A reader supplies an insider’s perspective:

On HUD, when I was a Counsel to the Crime and Criminal Justice Subcommittee, Cisneros testified before us. I told my boss (Jim Sensenbrener) to ask Cisneros if families that included convicted drug dealers and other felons were being evicted from HUD housing. Cisneros twice evaded the question, and then admitted that, no, they weren't being evicted bcs it would be unfair to the drug dealer's, murderer's, whatever's, other family members. 

Also, NYCHA was actually quite good and also proud of how it maintained public housing, that is, until Federal regs forced them to allow unsavory elements to remain.

Finally, Fannie and Freddie weren't really responsible for the GFC. Much more responsible were the Basel III banking regs which allowed banks to determine -- on their own -- what counted as Tier 1 capital.  They decided to count Fannie and Freddie debt as the equivalent of cash.

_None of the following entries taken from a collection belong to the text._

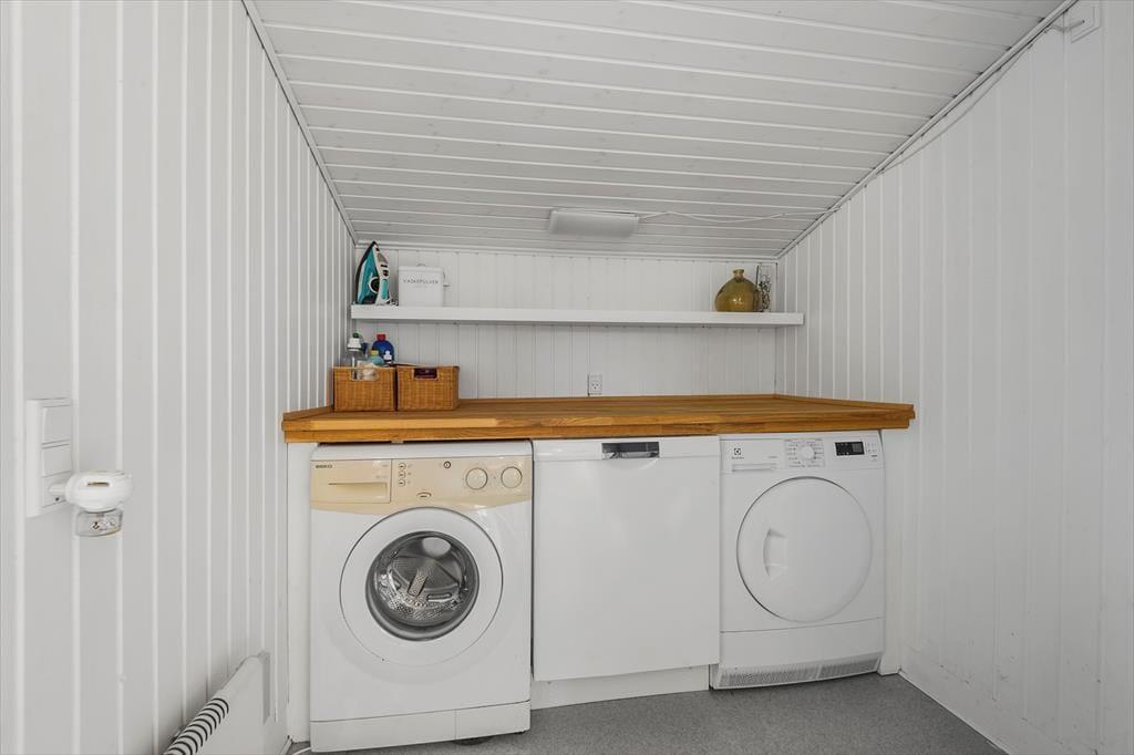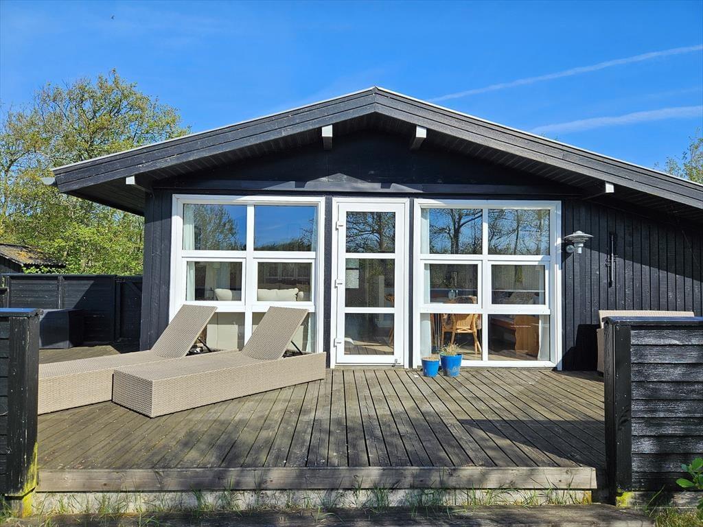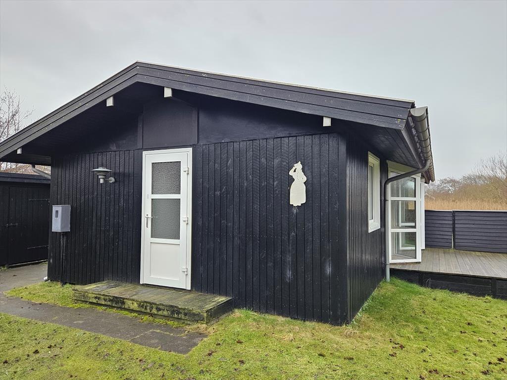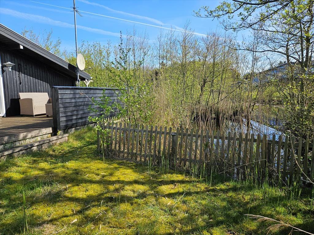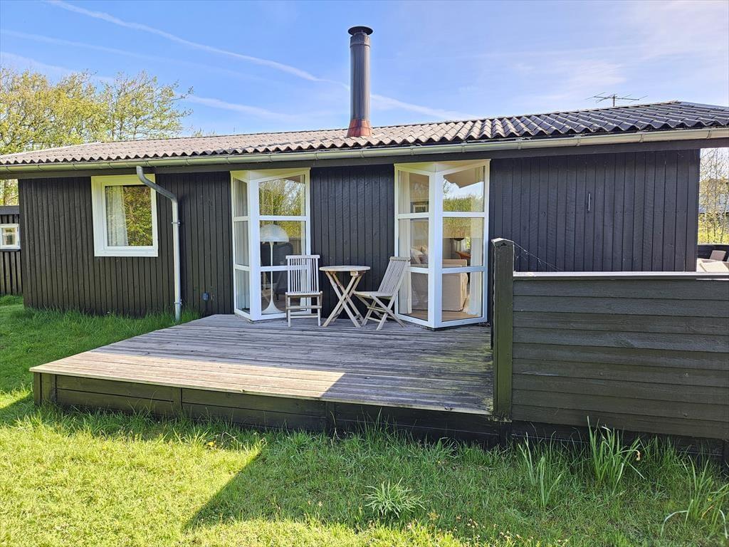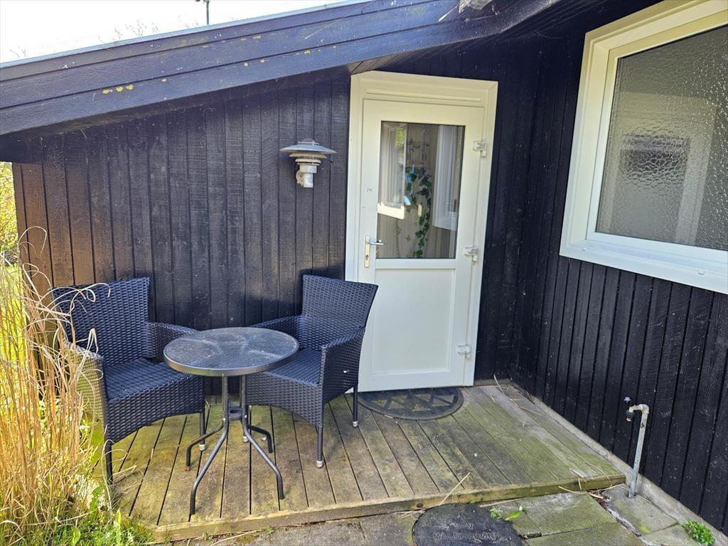 Sommerhuset har en stor og indbydende terrasse, der er som skabt til lange sommerdage. Terrassen er det perfekte sted at nyde din morgenkaffe i solen, grille en lækker middag eller bare lade tiden stå stille, mens du slapper af i havemøblerne. Den rolige og lukkede vej bidrager til en afslappet atmosfære, hvor du kan nyde ferielivet helt uforstyrret. Omkring huset finder du et skønt udeområde, der inviterer til leg og afslapning – og de fredelige omgivelser gør det nemt at føle sig i ét med naturen.
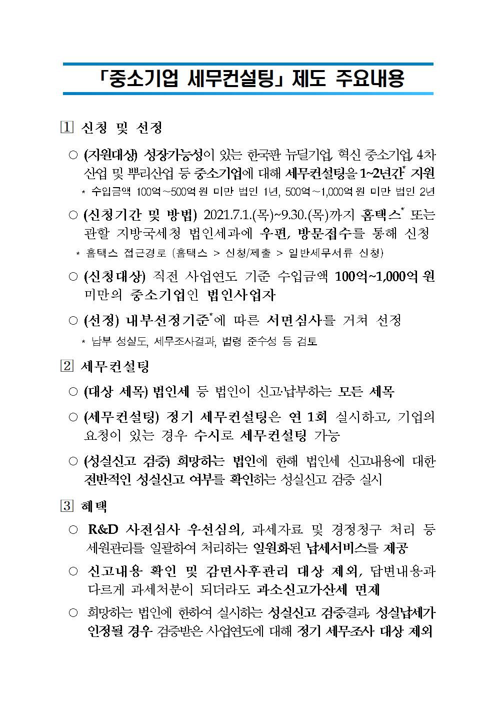 ○(지원대상) 성장가능성이 있는 한국판 뉴딜기업, 혁신 중소기업, 4차산업 및 뿌리산업 등 중소기업에 대해 세무컨설팅을 1~2년간* 지원
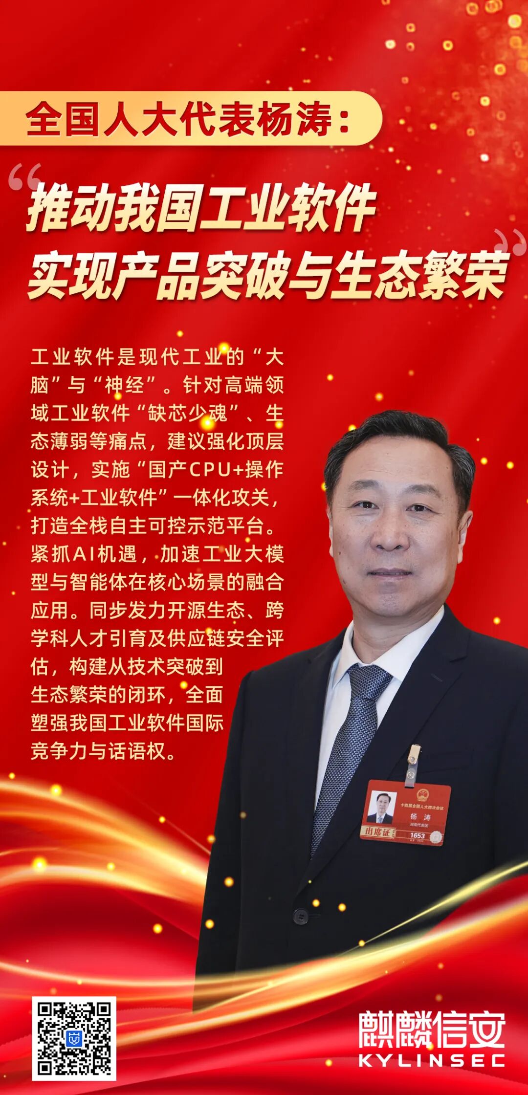 两会声音 | 全国人大代表、麒麟信安董事长杨涛:推动我国工业软件实现产品突破与生态繁荣
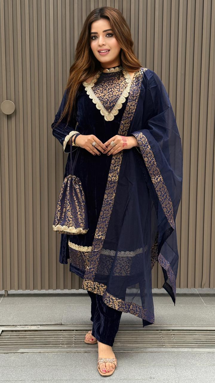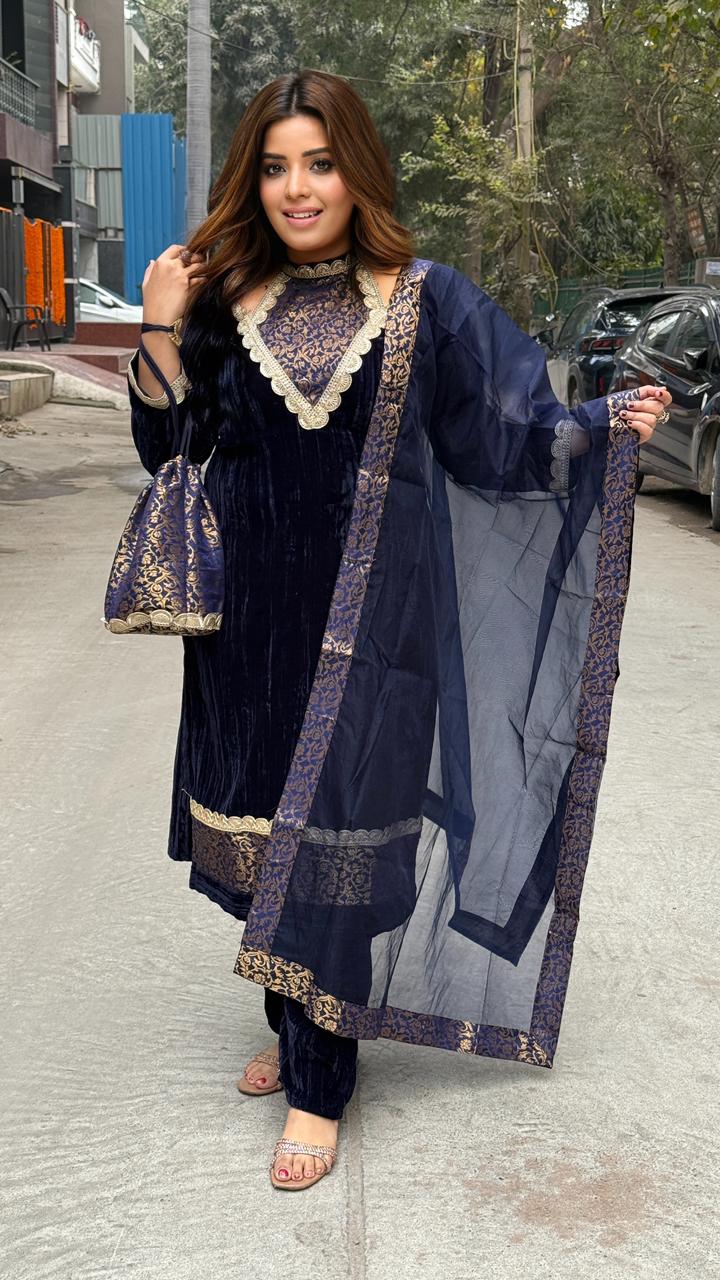 Taliare Velvet Suit Set- Navy Blue

My brother had been the Chief Compliance Officer at Bear Stearns. He told me that a five bps (0.05bps) decline in the value of Freddie and Fannie bonds would put every Wall St institution out of business.

He was right.

And I’ll add this: Back in the 80s and 90s, the Greenwich Housing Authority was incredible strict about drug dealers in our housing projects, and would evict entire families, including grandparents, if any member was dealing drugs. I was in Norwalk Housing Court on another matter one day, waiting for my own case to be called, and saw exactly such an eviction in process: a grandmother had let her grandson live with her in Armstrong Court, and he used her apartment to stash the drugs he was dealing. That bad move led to another move that was even worse: she was kicked out.

That was the, but the reader says that HUD regs put an end to such evictions in New York, and I assume that means Greenwich is also barred from carrying them out. Which, of course, harms the other, law-abiding tenants in these projects, who now have to live with criminals in their midst.